With my audio card in analogue mode and more to the point connected directly to the cards output I see no digital path as the input is connected to two 5532 chips very old school analogue small signal amplifiers – not a hint of data control/digital control just a basic amplifier circuit .

On the other hand I have mentioned 3 times on Which ? that I have an Arcam amp connected to my PC but that still doesn’t explain how those old chips can be digitally attacked / change of configuration as the only way to change the specification is by changing resistors /capacitors .
You can see why it would take the power of a government computer to stick that file on my PC.
All a digital signal would do to the line input of the amp is distort the AF signals and I would hear it.


I was just guessing, Duncan. I look forward to learning the solution to your puzzle.

DerekP says:
4 November 2018

Duncan, it looks to me as though the file you mentioned is now provided as part of Arch:


If so, when I suggested “I’d have thought that those responsible for the Linux Alsa sound system would have been much more likely to have implemented this kind of hardware probing, e.g for system tuning or diagnostic purposes.” I would have been on the right track.
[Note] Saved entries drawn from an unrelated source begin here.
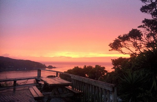 The large deck overlooks the sea, Coromandel to the west, the lit up Sky Tower in the distant Auckland on a crisp night, and the hills of Leigh on a clear day. The expansive dusk sky changes the view every evening, with the sun setting into the sea in the summer months.
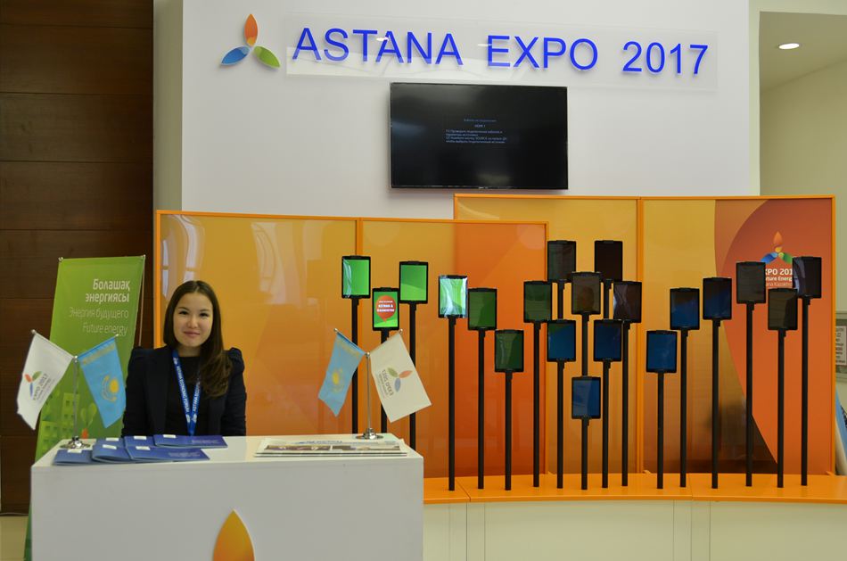 A booth that exhibits the Astana Expo 2017. (People's Daily Online/ Yao Chun)
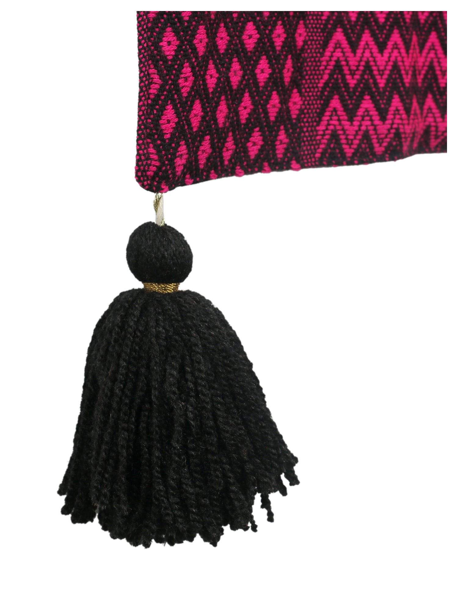 Featuring a strikingly beautiful black and fuchsia pink table runner in an intricate chevron patchwork pattern - accented with gorgeous tassel edges.
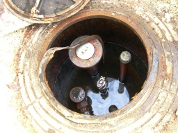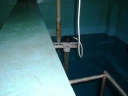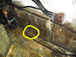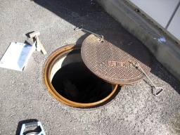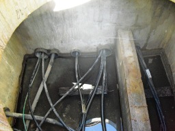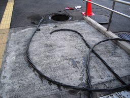 | マンホールは全て開きました。左が低圧(電灯、動力)、右が高圧ケーブルです。このコンクリートの仕切りが邪魔みたいです。まず水抜きから始めないといけません。今はエコケーブル等もあるらしいのですが、今回は標準のケーブルです。約140Mあり、1日で終わるかどうか微妙です。関電と協会の両方の立会(予約)が必要です。 | |
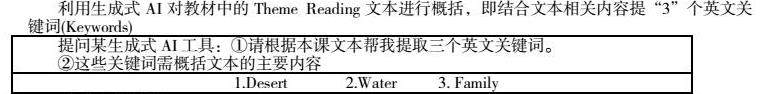利用生成式AI对教材中的Theme Reading文本进行概括,即结合文本相关内容提“3”个英文关键词(Keywords)
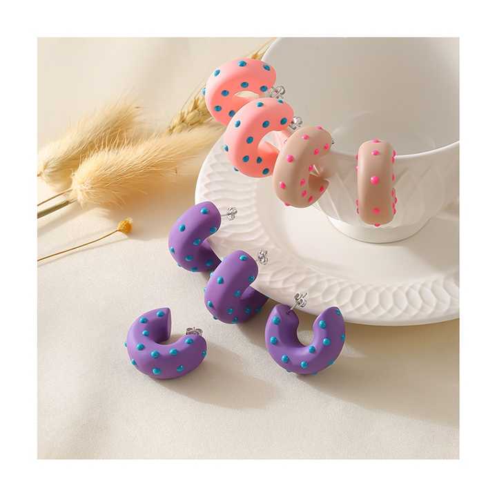 Boucles d'oreilles en résine époxy écologique style Ins, en forme de C, style pastoral, en acier inoxydable émaillé, bijoux
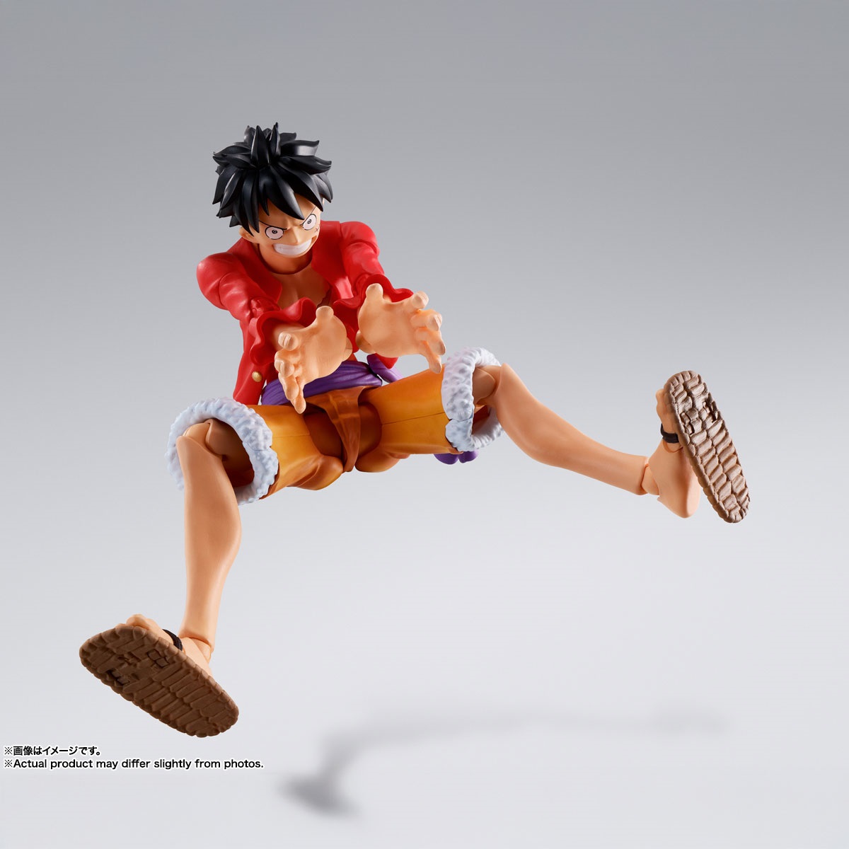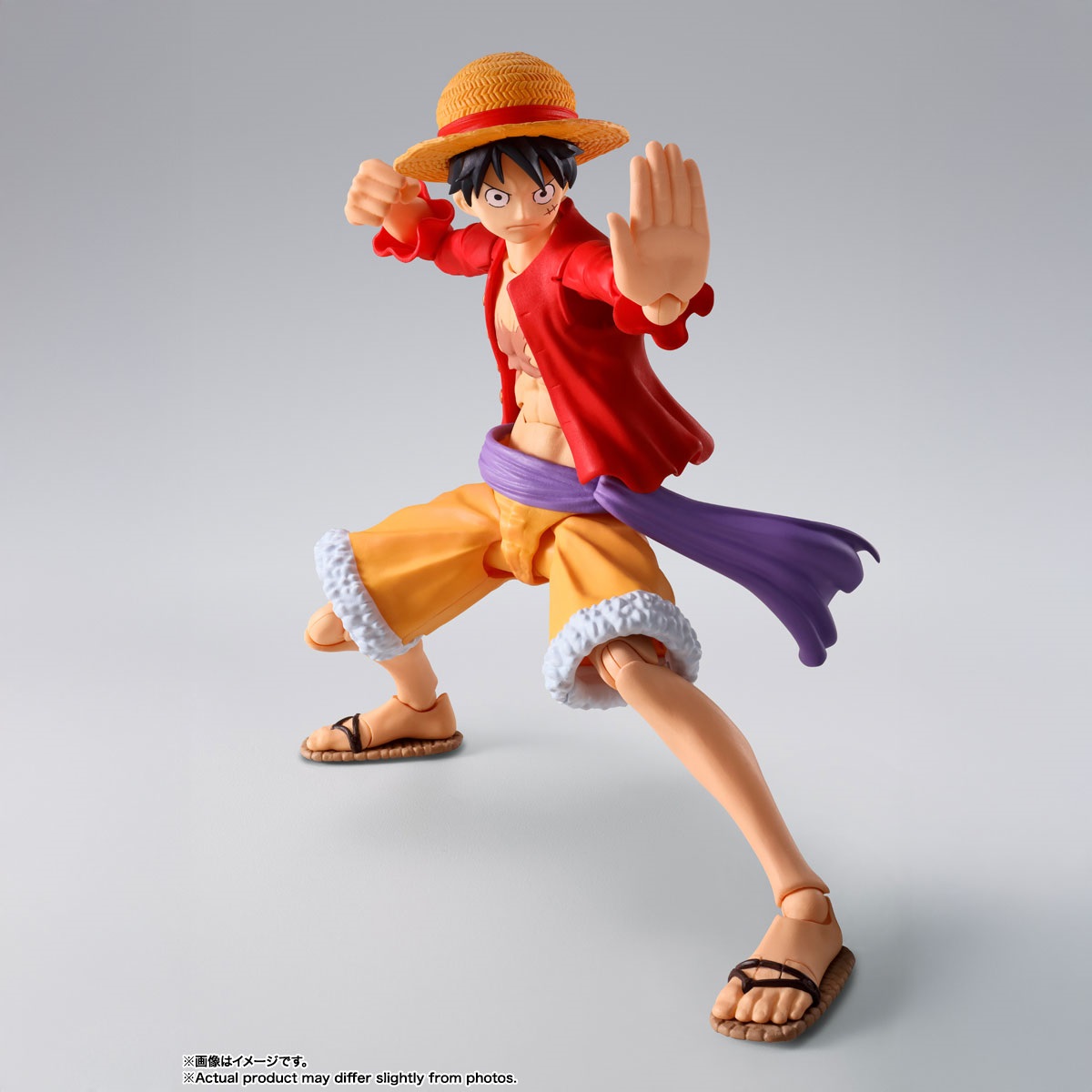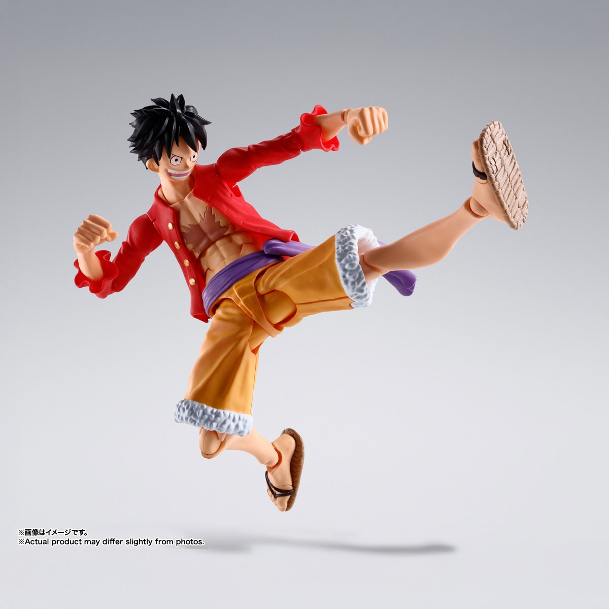 鬼ヶ島討入衣装の「モンキー・D・ルフィ」が登場!TVアニメ『ONE PIECE』より、鬼ヶ島討入衣装の「モンキー・D・ルフィ」が完全新規造形で登場!圧倒的な可動域に加え軟質パーツを用いることで、ダイナミックなポージングが可能。アクションフィギュアシリーズであるS.H.Figuartsだからこそ、様々なポーズがカッコよく決まる!肩関節や腹部、草履の可動処理など圧倒的にこだわった可動機構によって、躍動感あふれるアクションシーンが再現可能!シャツには軟質素材を採用し、アクションを妨げず自然なフォルムでのポージングを実現。通常顔に加え、口開き笑顔、食いしばり顔、驚き顔の3種が交換用表情パーツとして付属。
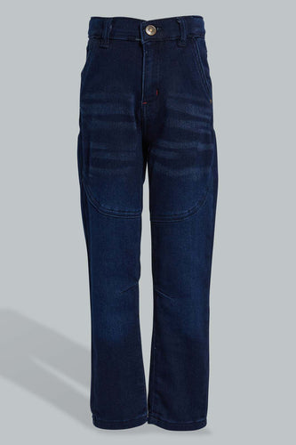 Navy Knitted Jean For Boys جينز محبوك باللون الكحلي للأولاد الصغار
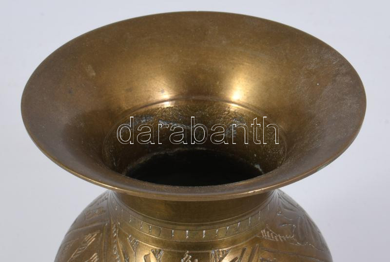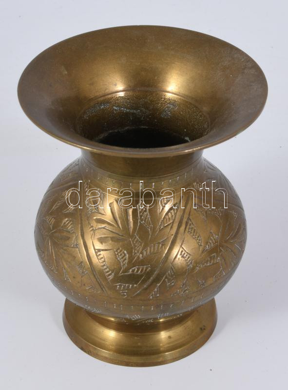 Réz váza, vésett mintával, m: 10 cm
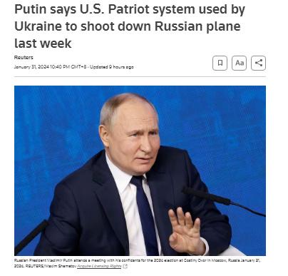 中新網(wǎng)2月1日電 據(jù)路透社報道,俄羅斯總統(tǒng)普京當(dāng)?shù)貢r間1月31日表示,俄方確認(rèn)此前載有被俘烏克蘭軍事人員的俄伊爾-76軍用運(yùn)輸機(jī)是被美制“愛國者”導(dǎo)彈系統(tǒng)擊落。

Alternatively, if I were setting out to hack the linux sound system on behalf of any given spy agency, e.g. perhaps so that linux PC’s could become covert listening devices, do think I would actually leave such an obvious forensic trail as to put files with obvious and meaningful names and contents around in obvious places like the alsa configuration directories?


You know what Derek -your last paragraph I find that highly acceptable and your right as the amp is on 24/7 its an easy job to use the system to listen in.
I do unplug the PC at night though.

Having said that I was “given a warning” years ago when I used Windows 7 Prof and was on a very far right website Australian run now defunct by the placing in the registry of an obvious means to attract my attention to give it up – by the name of the file in capitals –
SECRET FILE – on opening I got a warning and after reading it –yes as in James Bond the file “self destructed ” .
As I didn’t take the hint I was cut off from the internet several times and BT had a job reinstating me.
No I am no longer on any far right websites including the banned ones in the UK as MI5 have now said they are checking them out but- strangely after many years of not posting on it who reappeared still having my details and telling me to login ?? thats right the SPoGB that well known Marxist website I can guess its run now by MI5 as my blockers blocked me from logging in and NO I am not a Marxist just believe in listening to every point of view
its called Freedom – fast disappearing from this country as more and more solely political websites are blocked by ISP,s on government instructions.

DerekP says:
4 November 2018

Cheers Duncan.

When I was at uni, my amp would sometimes accidentally pick up local taxi radio messages. I’m sure MI5 (and other security services) now have decades of experience in covert listening devices. I’ve always thought the laser based ones that just reflect a beam off a window pane in the target room were particularly clever.

As regards booby traps, SECRET FILE is a bit of an obviously made up teaser name, I’m sure README would look look more innocent and be at least as effective.

My current move to Linux was encouraged by a fake Adobe update a few years ago. As far as I know that was the second time that I have suffered any kind of virus attack on Windows. The other time was long ago in my Windows 98 dial up via damp string internet days and I think involved email malware, but I do not remember any details.